INPUT DATA »

==============================

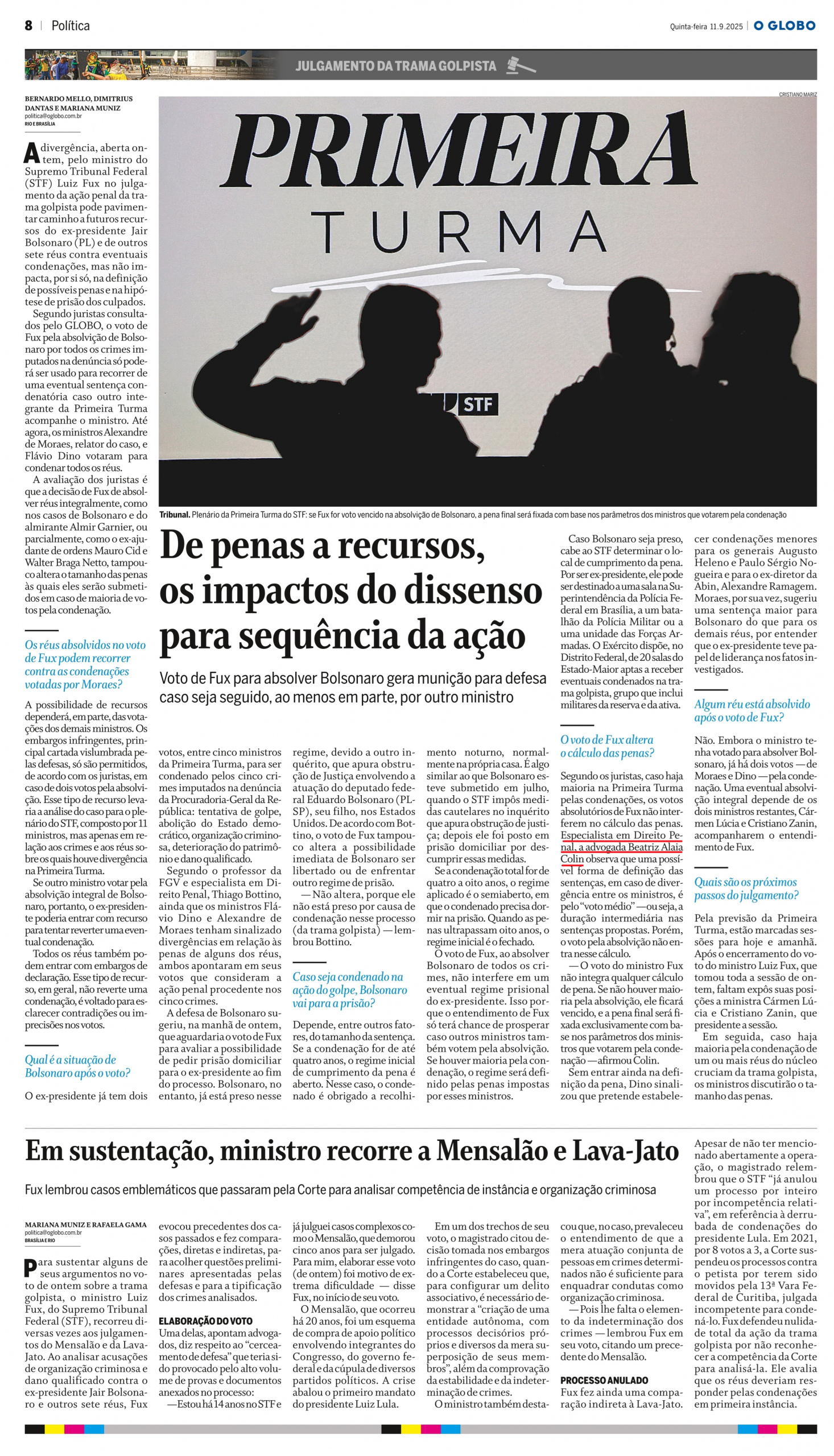 Segundo juristas consultados pelo GLOBO, o voto de Fux pela absolvição de Bolsonaro por todos os crimes imputados na denúncia só poderá ser usado para recorrer de uma eventual sentença condenatória caso outro integrante da Primeira Turma acompanhe o ministro. Até agora, os ministros Alexandre de Moraes, relator do caso, e Flávio Dino votaram para condenar todos os réus.
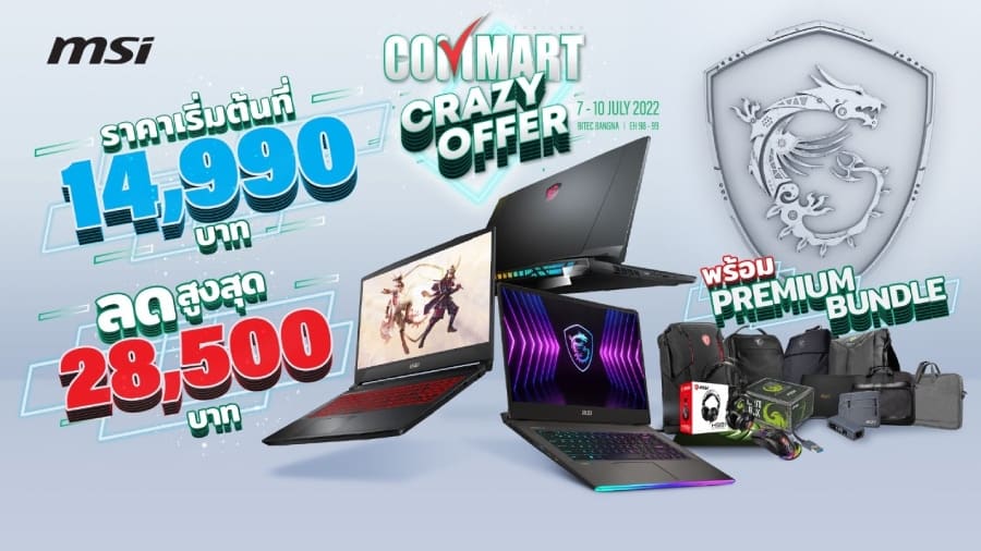 สำหรับงาน Commart Crazy Offer ในครั้งนี้ จะมีขึ้นในวันที่ 7 กรกฎาคม 2022 – 10 กรกฎาคม 2022 ที่ ศูนย์นิทรรศการและการประชุมไบเทค บางนา โดยบูธของ MSI จะเป็นบูธหมายเลข B12 Hall EH98-99
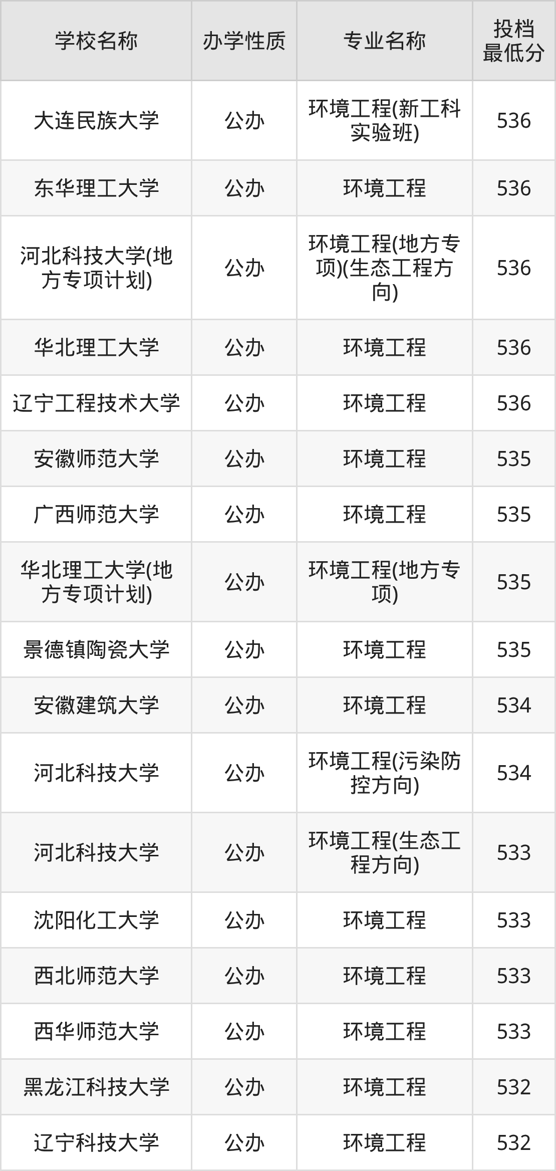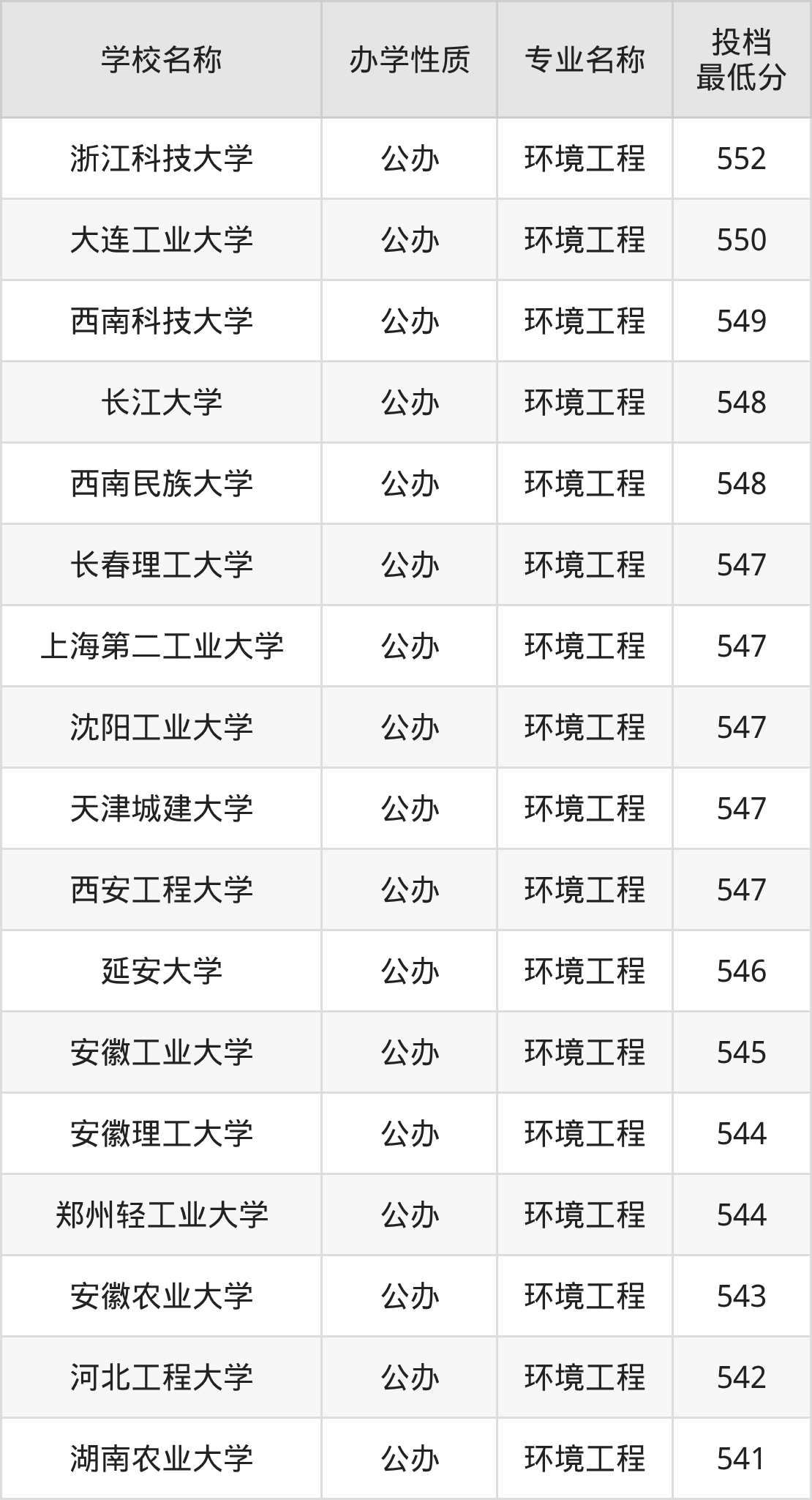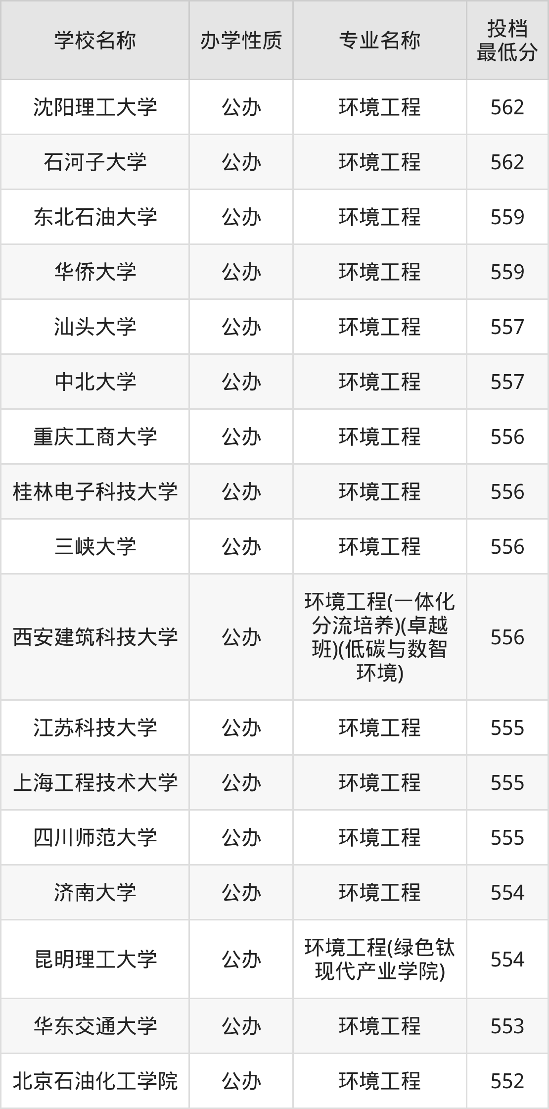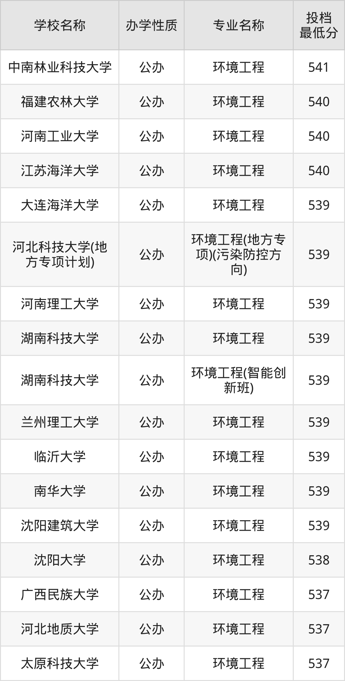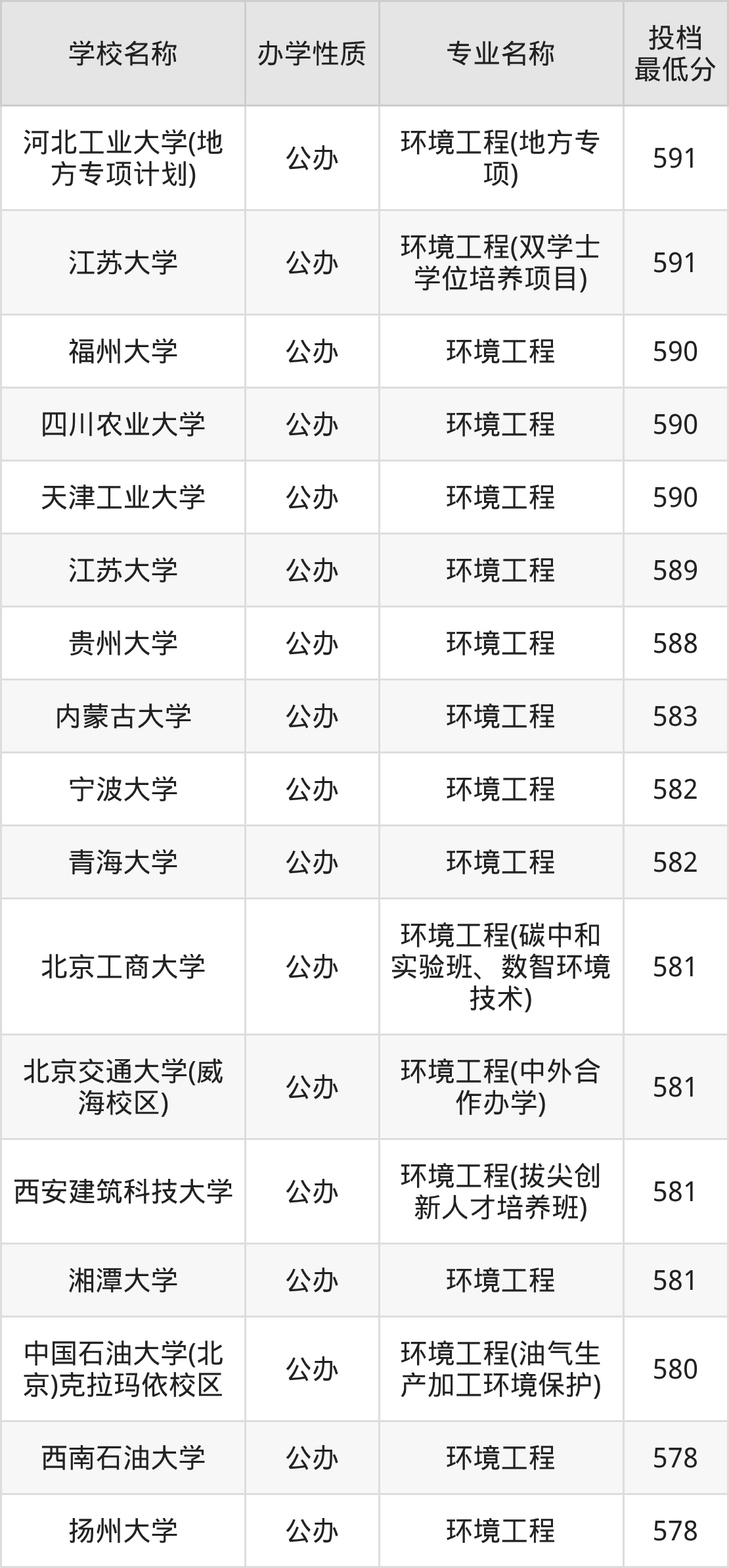 一、2025环境工程专业录取分数线多少

==============================

THE TASK » When you copy the listing, keep every line exactly as it is but leave out all images.

THE COMPLETED TASK »
 Segundo juristas consultados pelo GLOBO, o voto de Fux pela absolvição de Bolsonaro por todos os crimes imputados na denúncia só poderá ser usado para recorrer de uma eventual sentença condenatória caso outro integrante da Primeira Turma acompanhe o ministro. Até agora, os ministros Alexandre de Moraes, relator do caso, e Flávio Dino votaram para condenar todos os réus.
 สำหรับงาน Commart Crazy Offer ในครั้งนี้ จะมีขึ้นในวันที่ 7 กรกฎาคม 2022 – 10 กรกฎาคม 2022 ที่ ศูนย์นิทรรศการและการประชุมไบเทค บางนา โดยบูธของ MSI จะเป็นบูธหมายเลข B12 Hall EH98-99
 一、2025环境工程专业录取分数线多少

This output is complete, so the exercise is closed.